Abstract

In the field of high spatial resolution (HSR) remote sensing imagery classification, object-oriented classification and conditional random field (CRF) approaches are widely used due to their ability to incorporate the spatial contextual information. However, the selection of the optimal segmentation scale in object-oriented classification is not an easy task, and some pairwise CRF models always show an oversmooth performance. In this paper, a detail-preserving smoothing classifier based on conditional random fields (DPSCRF) for HSR imagery is proposed to apply the object-oriented strategy in the CRF classification framework, thus integrating the merits of both approaches to consider the spatial contextual information and preserve the detail information in the classification. The DPSCRF model defines suitable potential functions based on the CRF model for HSR image classification, which comprise the spatial smoothing and local class label cost terms. Both terms favor spatial smoothing in a local neighborhood to consider the spatial information. In addition, the local class label cost also considers the different label information of neighboring pixels at each iterative step in the classification to preserve the detail information.

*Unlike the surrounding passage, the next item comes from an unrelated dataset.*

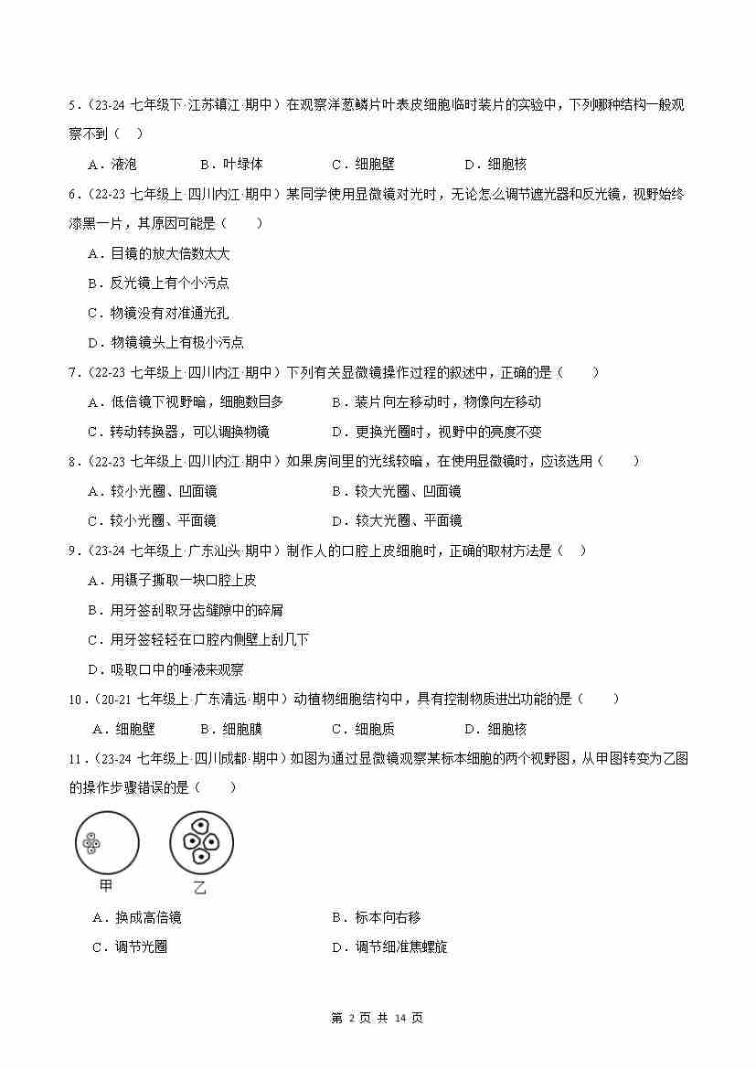 首页 > 全部 > 期中专项 > 专题02 认识细胞(原卷版)

In order to deal with the spectral variability of HSR imagery, a segmentation prior is used by the object-oriented processing strategy. This models the probability of each pixel based on the segmentation regions obtained by the connected-component labeling algorithm. The experimental results with three HSR images demonstrate that the proposed classification algorithm shows a competitive performance in both the quantitative and the qualitative evaluation when compared to the other state-of-the-art classification algorithms.